I used riven oak for the peg, which was left over from the Welsh stick chair I built for Mortise & Tenon last year

I’m still in my infancy as a turner, but simple jobs like this are a great opportunity to develop skills, and I really enjoy firing up the lathe. Because the peg will carry the weight of a 2.2lb lump hammer, I wanted to make it from reliable strong stock. After rummaging through my stash of air dried riven oak (a bucket of shorter pieces lives at the foot of my drill press) I found a suitable piece roughly 5″ long, which I brought down to rough size with a froe and lump hammer.


Stage one is turn the blank to a cylinder

I turned the roughly sized oak into a cylindar a little over 1″ diameter, and then turned a 1″ long tenon to just over 1/2″ diameter using a parting tool and Peter Galbert’s very helpful Caliper. With the tenon turned, I removed the workpiece from the lathe and cut the excess material using a Bad Axe 12″ carcase saw.

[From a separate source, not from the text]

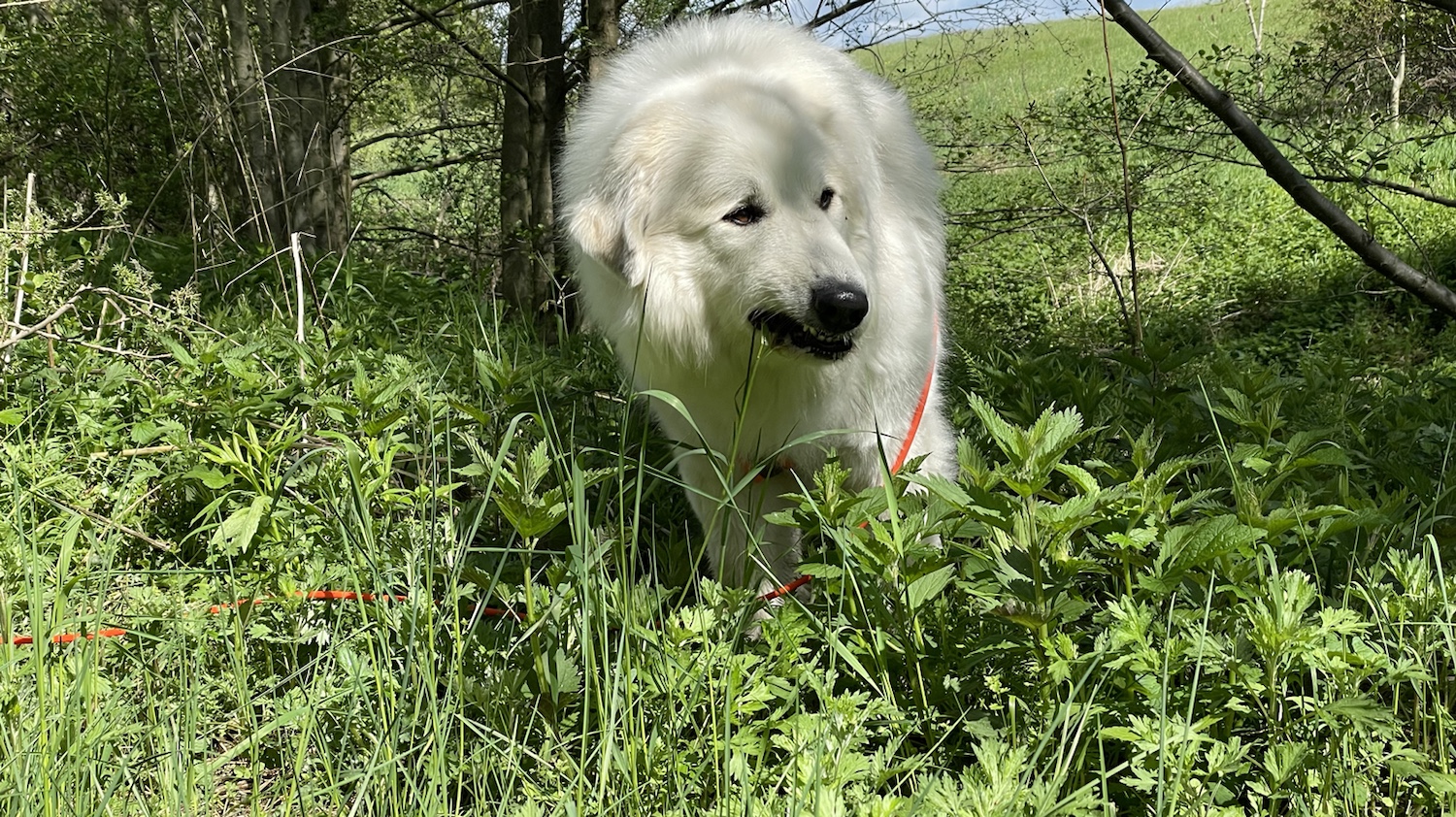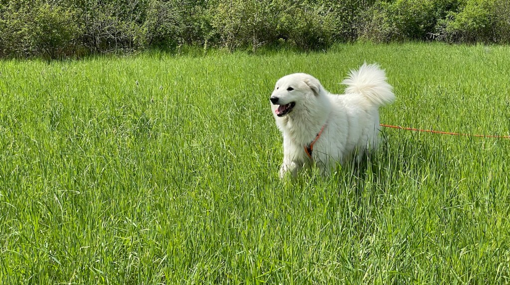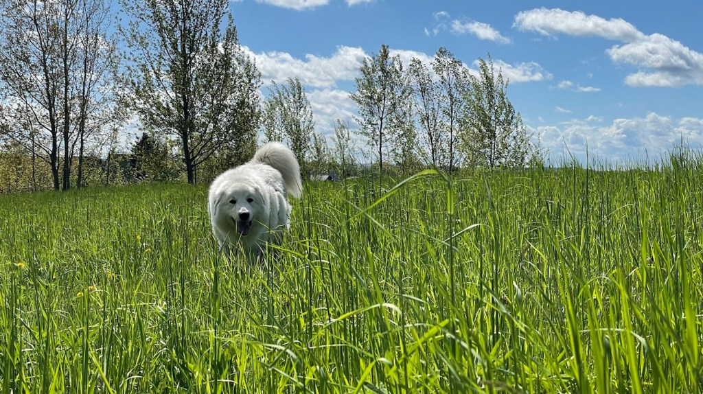 Und dann sind wir um die kleine Wiese gelaufen. Ich habe überall erstmal geschnuffelt und Gras gekaut. Das mache ich gerne. Beides. Deshalb nennt mich mein großer Mensch manchmal sein kleines Schäfchen.

Turn the tenon, and layout the sections of the peg

I then turned the peg, using a set of zero jaws to grip the tenon. The head of the peg is roughly 1″ in diameter, and I turned the body of the peg by eye until it had a pleasing shape – no real meaurements were involved. While the form is not as elegant as the “shaker” style peg Chris has on his bench, this peg is plenty stout and should support the lump hammer without any problem. I sanded the tool mark off with 320 grit paper while the peg was on the lathe.


Zero jaws hold the tenon so that I can shape the peg

After checking the placement of the peg, I bored a mortise in the leg using a 1/2″ auger bit in my North Bros brace. I’ve never used the ratchet function on the brace before, but the proximity of the bench top meant that I was unable to use the full sweep of the brace, and engaging the ratchet made easy work of boring the mortise to full depth using only 2/3 turns of the brace.


The shaped peg, ready to be fitted to the bench

The peg tenon was a little too snug to fit into the mortise, so I borrowed a chairmaking technique from Chris and compressed the tenon with a pair of non-scratch pliers. Applying a coat of hide glue allowed the tenon to slide into the mortise before the moisture in the glue caused the tenon to swell, locking it in place. A quick coat of boiled linseed oil on the peg, and the bench was finished. I’ve ordered some leather cord and once this arrives I will drill a hole in the handle of the lumb hammer and hang it from the peg, ready for work.


Fitted to the bench and oiled

And so, after 13 months’ work, I can finally say “Roubo Is Here“. I celebrated with a whisky at the bench to christen it.